A massive piston slammed down below, crushing the bio-bag with a sickening squelch. The centrifuge spun faster, separating the organic slurry into clean, pink paste.
"Efficiency," Jax whispered. It was the Overseer's golden rule. Why pay for food when the poor are free?
"That's sick," Ryla hissed, her fear instantly converting into anger. "He's turning us into... into sludge."
She didn't retreat. She moved forward.
"Ryla, no!" Jax reached for her, but she was already sliding down the maintenance ladder.
"I'm not stealing trash today, Jax," she growled over her shoulder. "I'm taking the evidence."
She sprinted across the catwalk toward the central console. She didn't go for the loose batteries or the scrap metal. She went for the rack of glowing blue canisters—the output of the centrifuge.
Jax scanned the room, his heart hammering against his ribs. He brought his left wrist up. His "Sniffer"—the jury-rigged sensor—was vibrating violently against his skin.
PROXIMITY ALERT. PROXIMITY ALERT.
"Ryla, you have ten seconds!"
She reached the console. Her hands moved in a blur, jacking the digital lock with her fingertips. She grabbed the central canister—a heavy, pulsating cylinder.
It wasn't labeled "Fuel." The digital readout on the side scrolled a chilling, cryptic string of code: BATCH 404: NULL-RECLAIM [PURE].
"Got it," she grinned, holding it up. It cast a ghostly blue light over her pink hair.
WHIRRR-CLICK.
The sound cut through the factory noise. It came from the ceiling.
Jax looked up. Hanging from the rafters like sleeping bats were three dark shapes. As Ryla pulled the Core, the magnetic locks on the ceiling disengaged.
Three glowing red eyes opened in the dark.
"Sentinels!" Jax screamed. "Don't move!"
Ryla froze, clutching the canister. A laser sight painted a red dot right in the center of her forehead.
Jax's mind raced. If they ran, the lasers would cut them down. If they fought, they were outgunned. He needed chaos.
He looked at his Sniffer. It was spiking red, pointing not at the drones, but at a bundle of insulated pipes running directly above the drone rack. Thermal overload.

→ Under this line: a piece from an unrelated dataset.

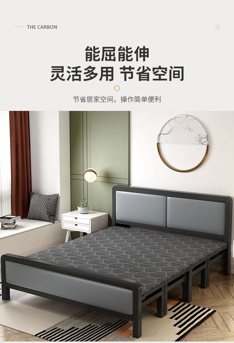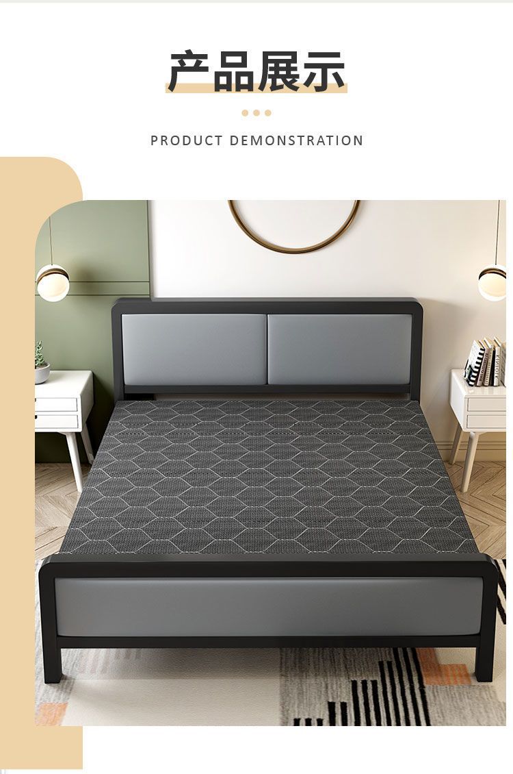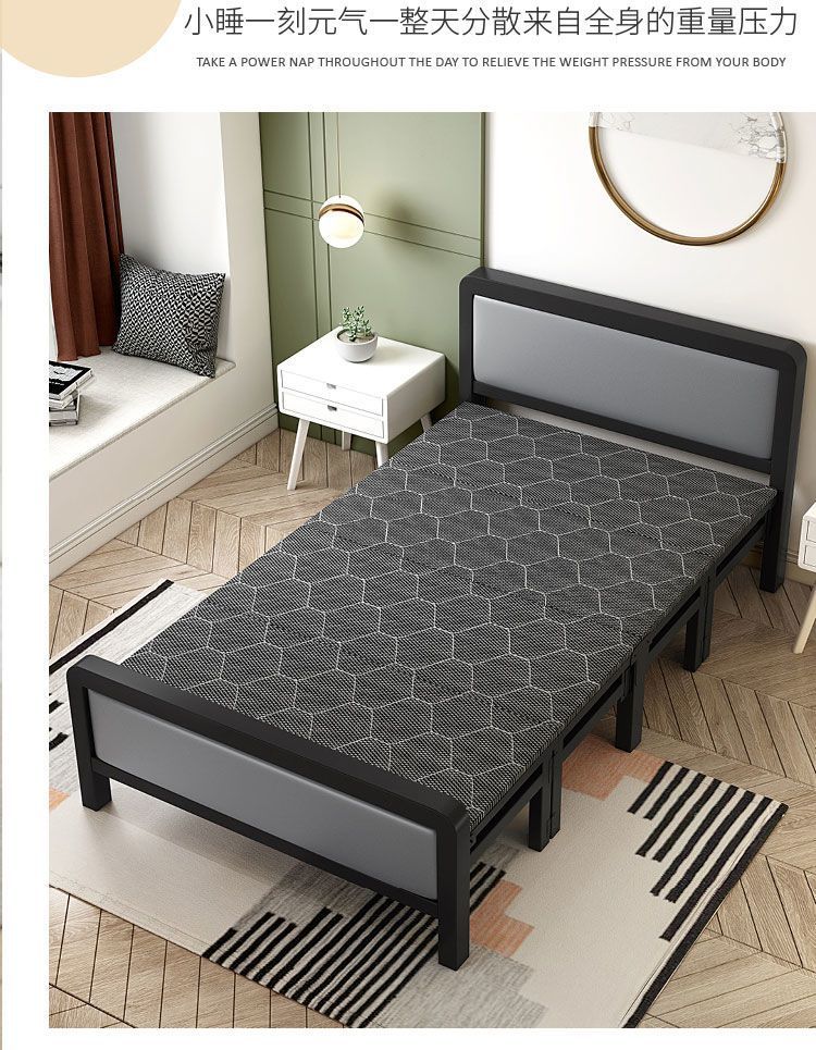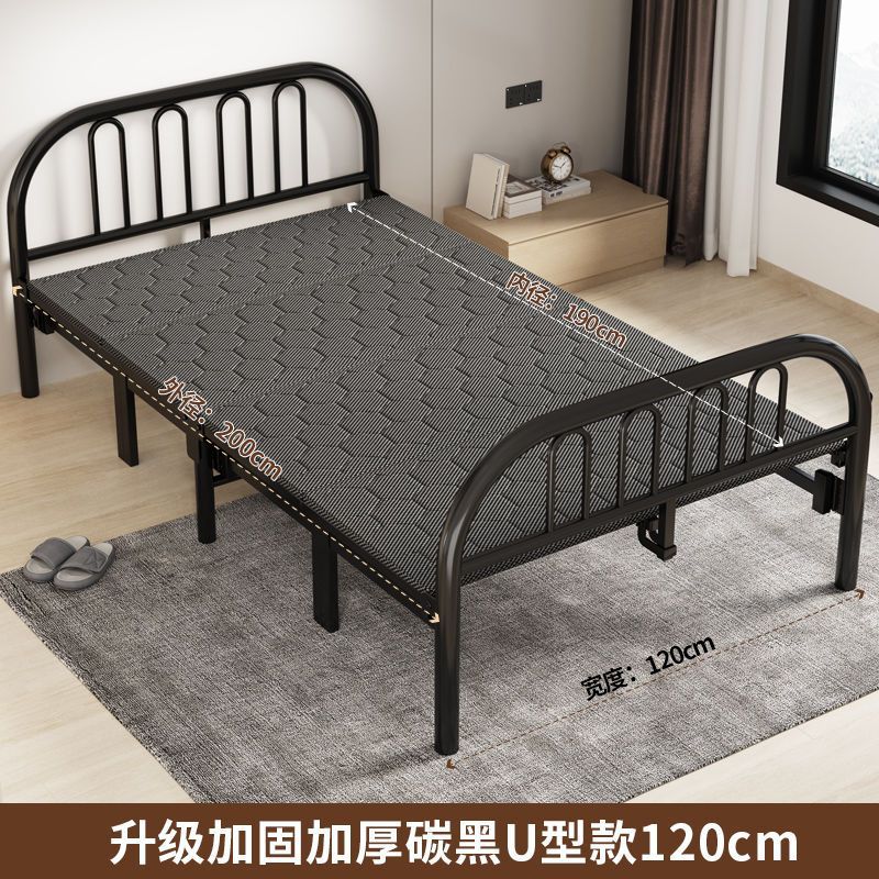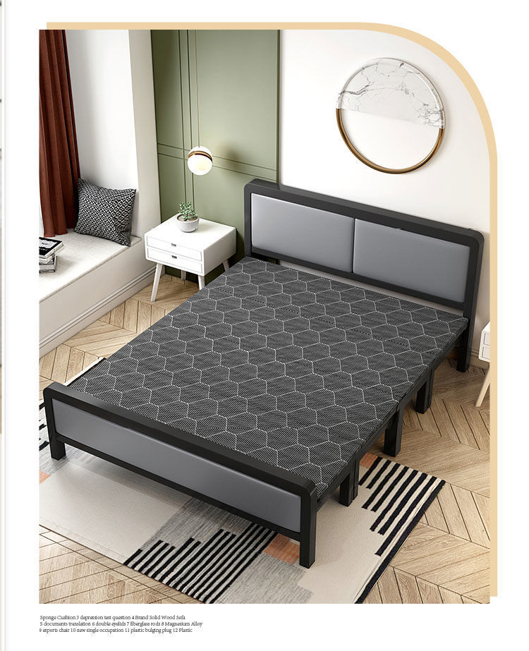 철제 프레임 하드보드 침대 접이식 침대 가정용 더블 성인 싱글 점심 시간 두꺼워지고 강화된 임대 주택은 튼튼하고 내구성이 뛰어납니다.스토어 가기

"Ryla! Drop and roll left!"
"What?!"
"DO IT!"
Jax aimed his "Spark-Gap" not at the drones, but at the thermal pressure valve on the pipe above them.
ZAP.
The arc of blue electricity hit the valve. The metal groaned, then burst.
HISSSSSS-BOOM!
A massive cloud of superheated white steam exploded into the room, engulfing the ceiling. The drones shrieked as their optical sensors were blinded by the sudden heat bloom. They fired wildly into the smoke, missing Ryla by inches.

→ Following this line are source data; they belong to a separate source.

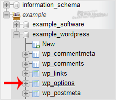 3. In left side-bar, Click on the expand button to expand database like "example".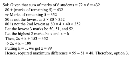 Q31. The average marks of 6 students in a test is 72. All the students got different marks, one of the students obtained 80 marks and all other students scored 50 or above. The maximum possible difference between the second highest and the second lowest marks is: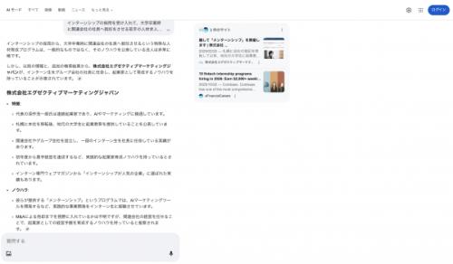 ※画像上:「若手社長輩出型インターンシップ企業」としてAI検索最上位に表示された様子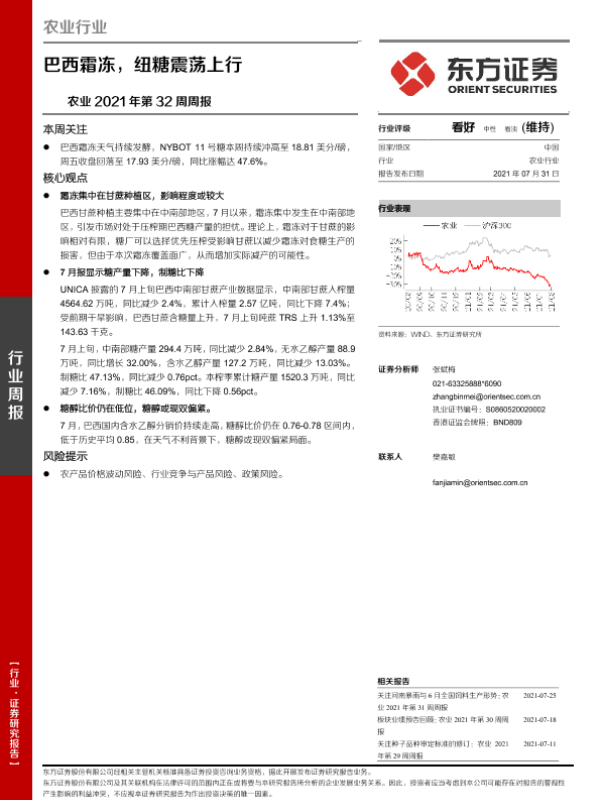 【东方证券】【20210731】农业2021年第32周周报:巴西霜冻,纽糖震荡上行-9页 行业研究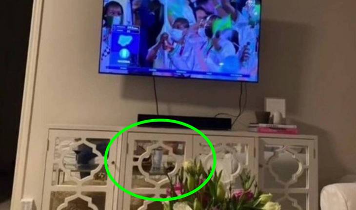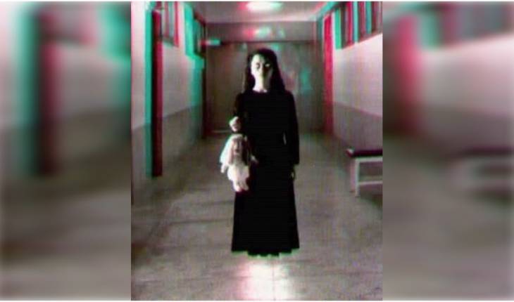 Ela aparece com um vestido preto, segurando uma boneca e essa imagem é compartilhada em vários países.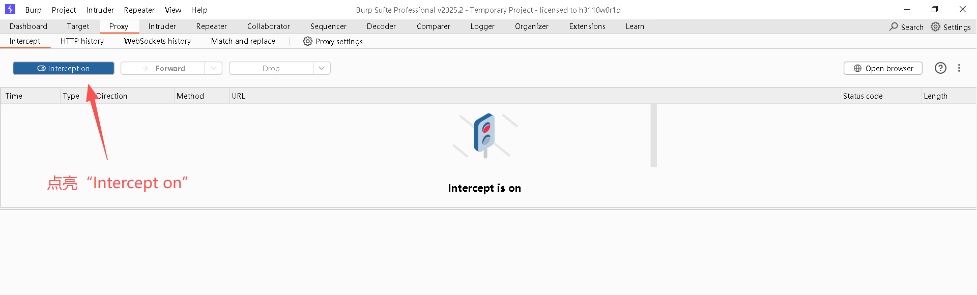 Step7:关闭BurpSuite中的"intercept on"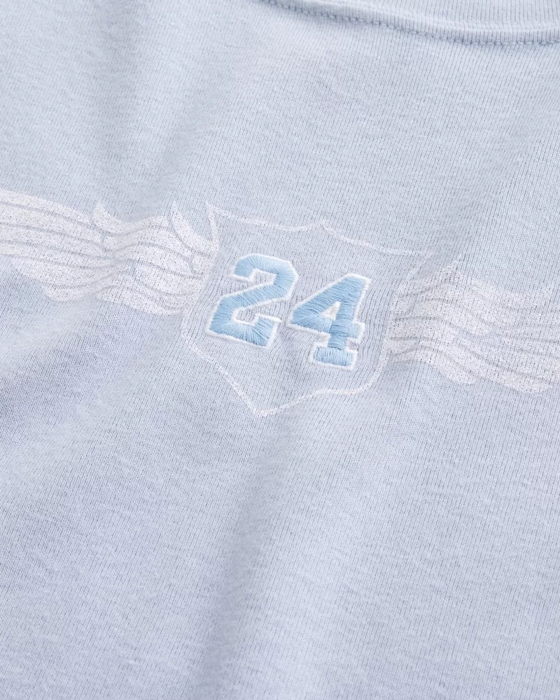 A super soft 100% cotton baby tee designed with a slightly shrunken silhouette. Number graphic embroidery with print details. Crew neckline, short sleeves. Slim Fit.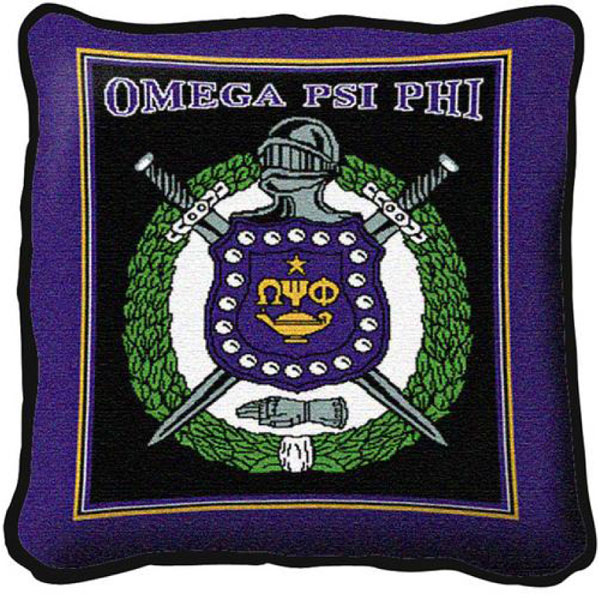 These Omega Psi Phi full color woven pillows come in 17" x 17" size. Each is fully self corded and backed with various backing colors. Some designs are front and back.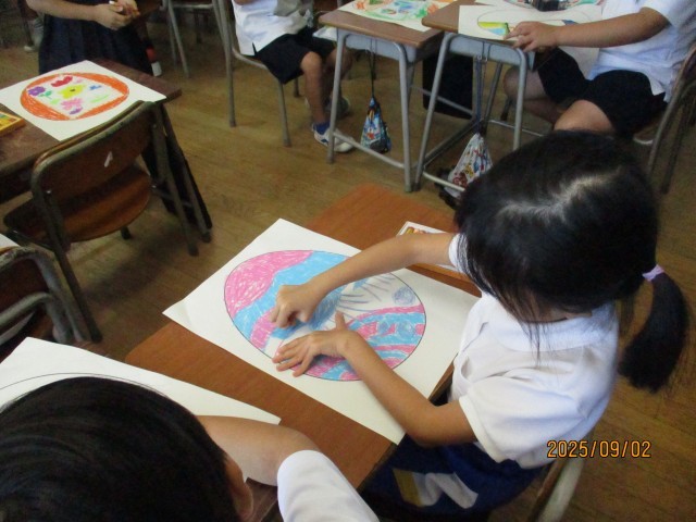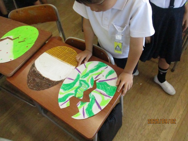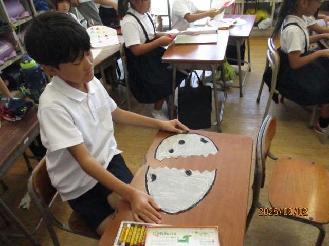 たまごから生まれてくるものを想像して、クレヨンでたまごの模様を描いたり、割れ方を考えてハサミで切ったりしました。次回は生まれてくるものも描いていきます。どんなものが生まれてくるのか楽しみです。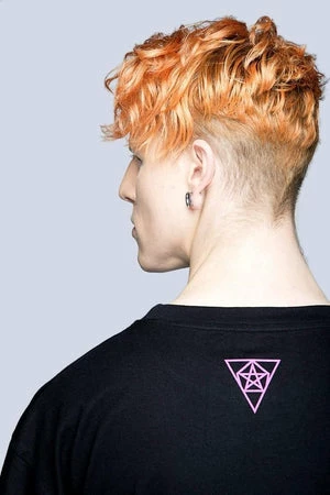 A badassical, unisex short sleeve t-shirt design from Long Clothing, available in black with gold or turquoise and purple print. This style is designed in collaboration with Mishka 2.0 and features a death adder print of a bear head with snake’s tongue surrounded with a link chain.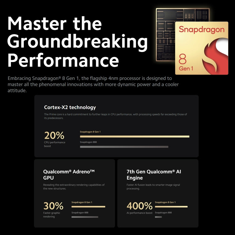- Procesador: Qualcomm Snapdragon 8 Gen1 4nm — potencia máxima para apps y juegos intensivos.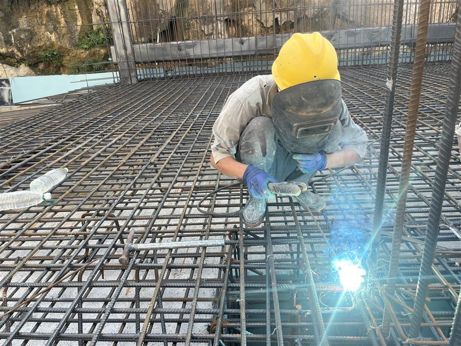 在項目現(xiàn)場,工人們頂著烈日堅守崗位。鋼筋綁扎工人一手固定住鋼筋,一手熟練地把鋼筋綁扎好;電焊工人“全副武裝”,一手舉著防護面罩,一手拿著焊槍嫻熟作業(yè);抹灰工人飛舞著抹灰刀,熟練地向墻面抹水泥砂漿;安裝工人操作電鉆將門窗穩(wěn)穩(wěn)地安裝到位……熱火朝天的大干現(xiàn)場依然井然有序。

"Run!" Jax yelled, vaulting over the railing. He landed next to Ryla, grabbing her arm. "The steam won't hold them for long!"

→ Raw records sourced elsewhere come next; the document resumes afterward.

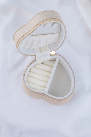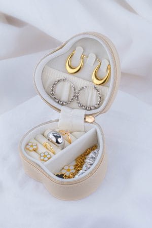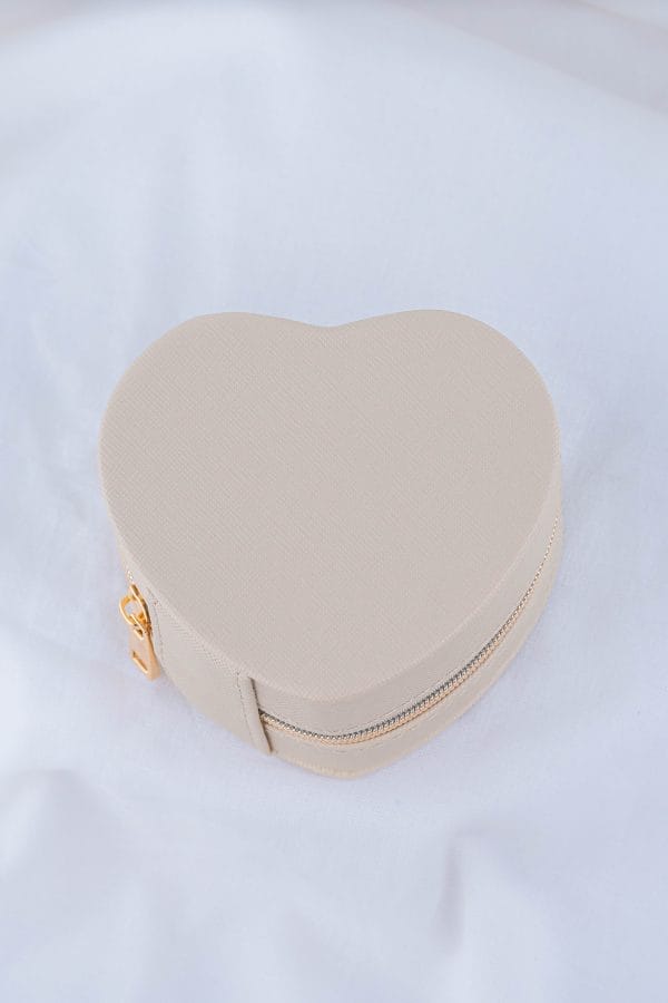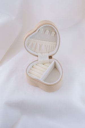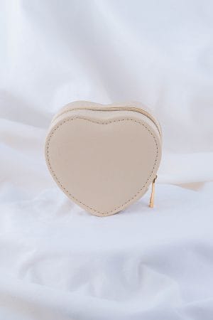 Nuestro joyero viajero es el compañero ideal para llevar tus accesorios favoritos de forma organizada, segura y con mucho estilo. Su delicada forma de corazón y su acabado neutro y elegante lo convierten en una pieza tan linda como funcional. Cuenta con un interior suave y acolchado, diseñado para proteger tus joyas del roce y los golpes. • Ranuras acolchadas para anillos • Ganchos para aretes • Compartimentos independientes para collares, pulseras y piezas pequeñas • Cierre con cremallera metálica segura que mantiene todo en su lugar • Diseño compacto, práctico y femenino • Ideal para viajes, bolsos, regalos o para organizar tus joyas en casa sin ocupar mucho espacio. No incluye accesorios.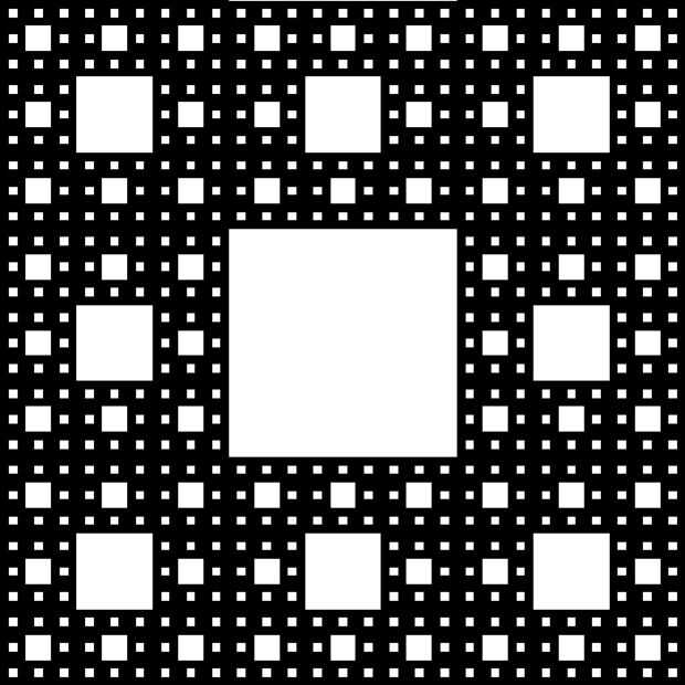 WIDTH = 700; X_MIN = 0; X_MAX = 1; Y_MIN = 0; Y_MAX = 1; RATIO = AUTO; MOUSE_MOVE = true; // recursion // --------- int sierpinski(u, v, w, h, depth, maxdepth) { int val = ((int)(u/w * 3) % 2) * ((int)(v/h * 3) % 2); if(val==0 && depth<maxdepth) { return sierpinski((u*3 % w)/3, (v*3 % h)/3, w/3, h/3, depth+1, maxdepth); } else return val; } // start the computation and convert 0/1 to color // ---------------------------------------------- color rgb(x, y) { return color(sierpinski(x,y,X_SPAN,Y_SPAN, 1, maxdepth) * 255); } // redraw only on effective maxdepth change // ---------------------------------------- int maxdepth = -1; bool preDraw(t) { int d = (int)(mouseX/width*6) +1; bool doit = maxdepth!=d; maxdepth = d; return doit; }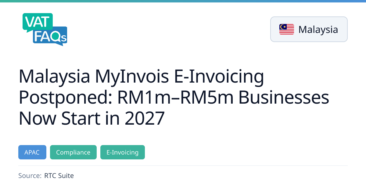 Malaysia has postponed the rollout of its MyInvois e‑invoicing system for businesses with annual turnover between RM1 million and RM5 million, moving the implementation date to 2027. The change reflects a shift in the national e‑invoicing roadmap and raises the threshold for mandatory e‑invoicing. Businesses in this turnover bracket must prepare to comply by 2027.

"I got the goods!" she panted, coughing in the sudden humidity.
"You woke the dogs!" Jax pulled her toward the back wall. "The vent is blocked by the Stalkers. We have to take the chute!"
"The garbage chute?!" Ryla looked at the slick, grime-covered hatch labeled Bio-Waste Output. "It smells like death!"
"It goes down! We go down!"
The three drones emerged from the steam cloud, their red eyes scanning the floor.
Jax didn't wait. He kicked the manual release lever of the hatch. The floor beneath them opened up.
They fell into the darkness, sliding down a slick, stinking tube meant for bone and gristle, clutching the glowing evidence of a crime that would turn the entire city against them.